W 1985 roku był członkiem Akademickiej Reprezentacji Polski, z którą zdobył piąte miejsce na Mistrzostwach Świata w RFN. – Dla zobrazowania warto podać, że oprócz mnie w zespole grali tacy zawodnicy jak Bogdan Wenta, Daniel Waszkiewicz, Zbigniew Plechoć czy Robert Goliat – wymienia.
Najlepsi w Polsce
Zaraz po olimpiadzie w Moskwie otrzymał propozycję ze Śląska Wrocław. – Nie ma co ukrywać, że dla wielu zawodników to był oczywisty kierunek – przyznaje. W tamtym czasie połowa klubów w najwyższej lidze to były kluby resortowe, a zawodników w pierwszej kolejności mogły pozyskiwać: Śląsk Wrocław, Grunwald Poznań, Wawel Kraków czy Lublinianka Lublin. – Oczywiście chciałem przejść do Śląska, ale w Gwardii zaproponowano mi, abym został jeszcze z nimi chociaż na rok i pomógł im wejść do pierwszej ligi. Zgodziłem się, ale po awansie zdecydowałem się jednak odejść do klubu, w którym zawsze pragnąłem grać – nie kryje, dodając, że między Gwardią i Śląskiem pod wieloma względami występowały różnice. – Co ciekawe, w nowych barwach zadebiutowałem w meczu przeciwko swojemu byłemu zespołowi. Na trybunach było trochę gorąco, ale dałem sobie radę. Do gry podchodziłem bardzo profesjonalnie, myśląc o swojej przyszłości i rozwoju – przekonuje. W Śląsku zawsze doceniano zaangażowanie i utożsamianie się z zespołem. – Ci którzy mnie znali, wiedzieli, że zawsze walczyłem do końca, grałem ambitnie i ofiarnie. Ze Śląskiem zdobyłem dwa mistrzostwa kraju, trzykrotnie brązowe medale, Puchar Polski i zdobyłem złoty i brązowy medal w dziś już może nieznanych, ale wówczas prestiżowych Mistrzostwach Armii, w których rywalizowały drużyny, mające na koncie zdobyte Puchary Europy.

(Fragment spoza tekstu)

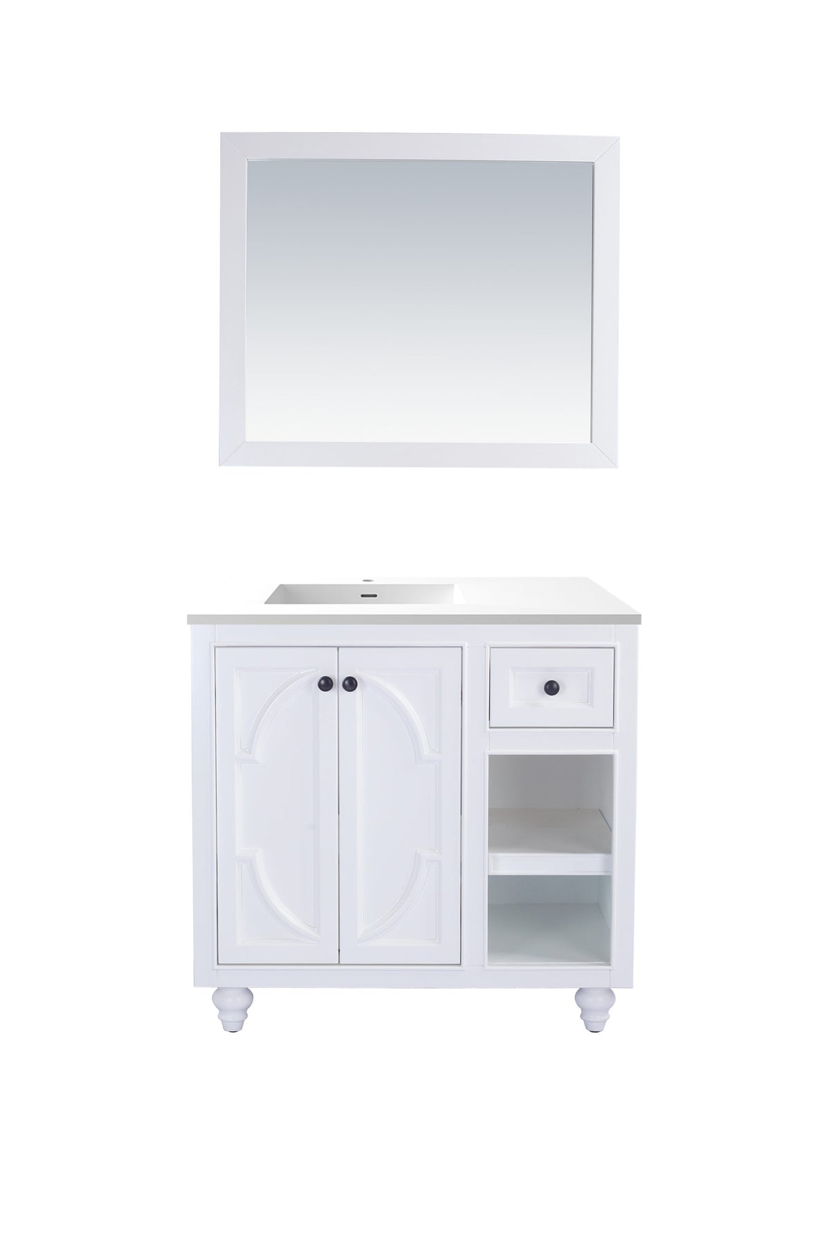 Odyssey 36" White Bathroom Vanity with Matte White VIVA Stone Solid Surface Countertop Laviva 313613-36W-MW

Myślał, że zmierzch jego kariery nastąpi w roku 1988, w wieku zaledwie trzydziestu lat. Opuścił WKS Śląsk Wrocław i wyjechał do Francji, gdzie kontynuował swoją karierę do 1994 roku. – Z reprezentacją Polski występowałem przeciwko Francji dwukrotnie. Raz zremisowaliśmy, a drugim razem odnieśliśmy chyba najwyższą wygraną w historii naszych pojedynków 34:16 – przypomina P. Czaczka. Polska piłka ręczna była wtedy w międzynarodowej hierarchii wyżej od Francją.
Po powrocie do kraju ponownie związał się ze Śląskiem Wrocław, gdzie odnosił największe sukcesy. Podpisał zaledwie roczny kontrakt, ale i te kilkanaście miesięcy pozwoliły mu sięgnąć po drugie mistrzostwo Polski. Po zakończeniu kariery zajął się działalnością na uczelni, najpierw pracując w AFW we Wrocławiu, a w późniejszym okresie w Studium Wychowania Fizycznego i Sportu Uniwersytetu Przyrodniczego we Wrocławiu. W 2013 został doktorem nauk o kulturze fizycznej. W jego zainteresowaniach naukowych nieustannie przewija się temat historii sportu i kultury fizycznej, w szczególności na wsi opolskiej.